Le marasme économique dans lequel la crise de 2008 nous a plongés aura au moins eu le mérite de nous faire découvrir nos voisins d’Europe. La création d’une véritable communauté homogène n’est pas une mince affaire. Nous savons pertinemment que tu y contribue de toutes tes forces grâce à ton anglais à peine compréhensible mis en pratique dans un pub irlandais à Prague, en tentant d’éponger avec un salé au fromage tout en expliquant à ton pote de comptoir portugais que Ronaldo c’est pas le nouveau Zidane. Bref, vous l’aurez compris, c’est à un tout petit plus subtil que ça. Beaucoup on tenté d’unifier l’Europe avant nous, mais peu on réussi : Attila, Charlemagne, Napoléon, Hitler. C’est maintenant au tour de l’Union Européenne de tenter sa chance avec sa puissante force de conviction basée sur la bonne volonté des pays de l’Union et des institutions pour la plupart légalement non contraignantes.
Plongeons immédiatement dans le programme d’histoire du Baccalauréat avec une piqure de rappel. L’origine du projet européen moderne est d’abord politique même s’il s’agissait au départ d’une coopération économique entre la France, l’Allemagne, le Benelux et l’Italie. La signature du traité instituant la Communauté Européenne du charbon et de l’acier (CECA) en 1951 à Paris favorisa les échanges de matière première entre ses six pays. Cette coopération contribua grandement au renouveau économique de l’Union après la seconde guerre mondiale. L’élargissement de cette alliance permettra par la suite de contenir le bloc soviétique aux frontières du rideau de fer. Les économies devaient alors converger pour ne faire plus qu’une et l’Europe aurait dû devenir le terrain de jeu d’un libre échange à l’européenne. L’idée du projet était que la rationalité économique aurait raison des différences culturelles et de l’histoire de chaque population. Le doux rêve des Etats-Unis d’Europe. Ha !
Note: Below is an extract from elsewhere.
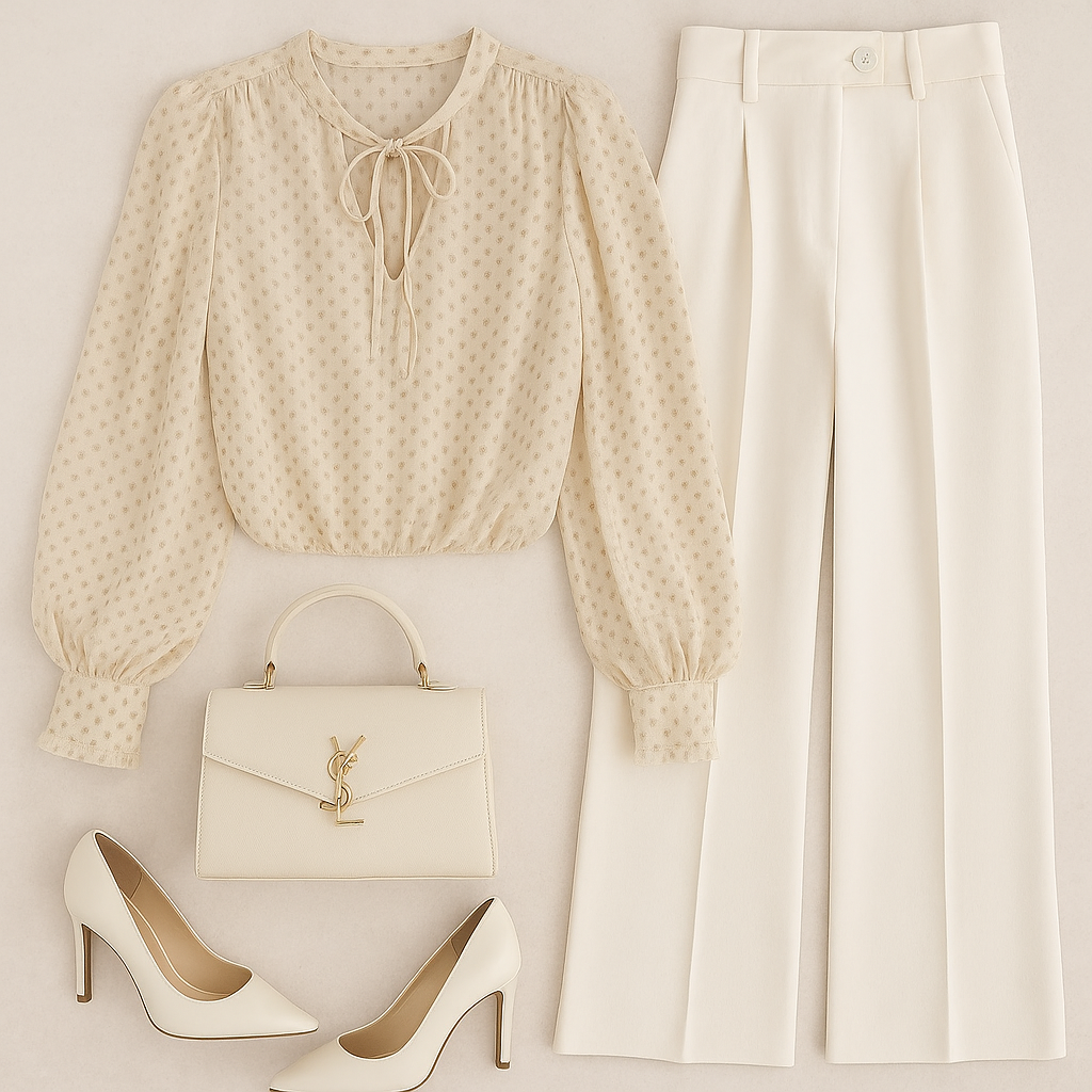 "Luxury flat lay of a cream sheer polka dot long sleeve blouse with ribbon tie neckline, wide leg tailored white trousers, cream Saint Laurent structured mini handbag with gold hardware, and cream pointed toe high heels, arranged neatly on a soft beige textured background in high end editorial style, natural soft lighting, clean minimal composition, quiet luxury aesthetic"

Ne crachons pas dans le borsh et reconnaissons que la coopération économique de l’époque aura protégé l’Europe contre la troisième guerre mondiale. Mais ce schéma n’est plus valable aujourd’hui, et nous avons atteint les limites de cette collaboration. Le vieux continent est un espace relativement modeste dans lequel il suffit de se déplacer de quelques centaines de kilomètres pour rencontrer des gens que l’on a jamais vu, manger des choses que l’on a jamais mangé et voir des choses que l’on a jamais vues. Les discours très institutionnels n’évoquent que trop rarement ces différences fondamentales. « Les européens apparaissent naturellement soudés face au reste du monde, alors qu’un suédois aura sans doute plus de points communs avec un canadien ou un néo-zélandais qu’avec un ukrainien ou un grec ».
La crise nous a révélé des européens que nous ne connaissions pas. Ceux qui ne payent pas leurs impôts, ceux qui ont le sang chaud et s’indignent sans hésiter, ceux qui se renferment sur eux-mêmes comme des huîtres ou encore ceux qui ont des bas de laine à en faire pâlir les cigales. Voilà donc à quoi ressemble notre continent. Tous types d’alliances y sont possibles même si chaque pays ne ressemble à aucun autre. Rien ne s’y passera tant que ces différences fondamentales ne seront pas appréhendées et soyez garantis que la parade de la rationalité économique ne fonctionnera pas deux fois.